# MATERIAL PROVIDED:
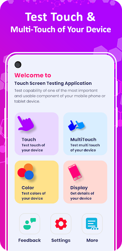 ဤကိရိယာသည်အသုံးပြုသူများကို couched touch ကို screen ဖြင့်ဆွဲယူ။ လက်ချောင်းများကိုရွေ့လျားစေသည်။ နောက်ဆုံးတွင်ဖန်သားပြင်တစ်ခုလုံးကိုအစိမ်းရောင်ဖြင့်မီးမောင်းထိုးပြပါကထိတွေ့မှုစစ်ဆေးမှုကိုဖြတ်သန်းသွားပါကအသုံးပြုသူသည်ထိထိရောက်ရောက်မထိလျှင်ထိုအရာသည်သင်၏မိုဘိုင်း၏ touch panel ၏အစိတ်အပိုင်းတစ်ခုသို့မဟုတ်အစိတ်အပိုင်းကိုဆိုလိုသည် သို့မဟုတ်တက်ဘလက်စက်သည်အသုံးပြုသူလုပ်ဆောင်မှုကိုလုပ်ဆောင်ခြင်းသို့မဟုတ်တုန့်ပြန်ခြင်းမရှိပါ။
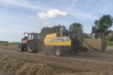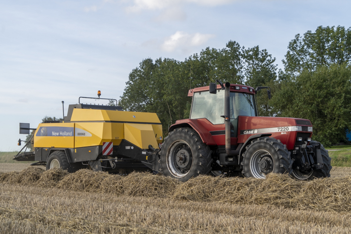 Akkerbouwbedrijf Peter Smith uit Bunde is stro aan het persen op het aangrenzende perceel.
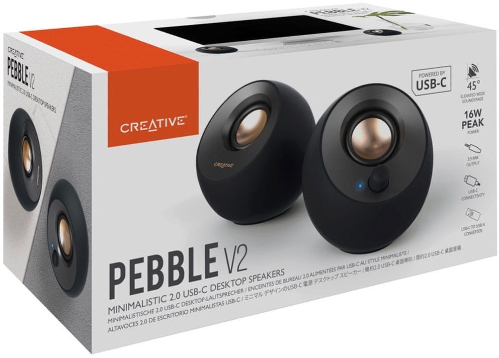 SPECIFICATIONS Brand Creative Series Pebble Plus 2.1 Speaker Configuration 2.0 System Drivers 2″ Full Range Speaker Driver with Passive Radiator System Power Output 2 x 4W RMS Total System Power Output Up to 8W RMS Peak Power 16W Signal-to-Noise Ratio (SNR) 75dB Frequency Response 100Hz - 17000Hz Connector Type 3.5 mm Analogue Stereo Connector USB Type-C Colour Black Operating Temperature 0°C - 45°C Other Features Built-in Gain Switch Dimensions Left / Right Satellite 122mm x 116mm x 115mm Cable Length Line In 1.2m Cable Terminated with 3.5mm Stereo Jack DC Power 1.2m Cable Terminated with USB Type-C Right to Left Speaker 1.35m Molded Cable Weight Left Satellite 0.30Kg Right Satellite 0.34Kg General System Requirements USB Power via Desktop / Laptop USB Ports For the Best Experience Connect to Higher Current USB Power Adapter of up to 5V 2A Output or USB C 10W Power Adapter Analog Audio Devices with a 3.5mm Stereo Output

# ACTION ITEM:
The line containing "Akkerbouwbedrijf Peter Smith" marks the end: retype every line from the first one in the listing up to and including it, without pictures.

# ANSWER TO THIS PROBLEM:
 ဤကိရိယာသည်အသုံးပြုသူများကို couched touch ကို screen ဖြင့်ဆွဲယူ။ လက်ချောင်းများကိုရွေ့လျားစေသည်။ နောက်ဆုံးတွင်ဖန်သားပြင်တစ်ခုလုံးကိုအစိမ်းရောင်ဖြင့်မီးမောင်းထိုးပြပါကထိတွေ့မှုစစ်ဆေးမှုကိုဖြတ်သန်းသွားပါကအသုံးပြုသူသည်ထိထိရောက်ရောက်မထိလျှင်ထိုအရာသည်သင်၏မိုဘိုင်း၏ touch panel ၏အစိတ်အပိုင်းတစ်ခုသို့မဟုတ်အစိတ်အပိုင်းကိုဆိုလိုသည် သို့မဟုတ်တက်ဘလက်စက်သည်အသုံးပြုသူလုပ်ဆောင်မှုကိုလုပ်ဆောင်ခြင်းသို့မဟုတ်တုန့်ပြန်ခြင်းမရှိပါ။
 Akkerbouwbedrijf Peter Smith uit Bunde is stro aan het persen op het aangrenzende perceel.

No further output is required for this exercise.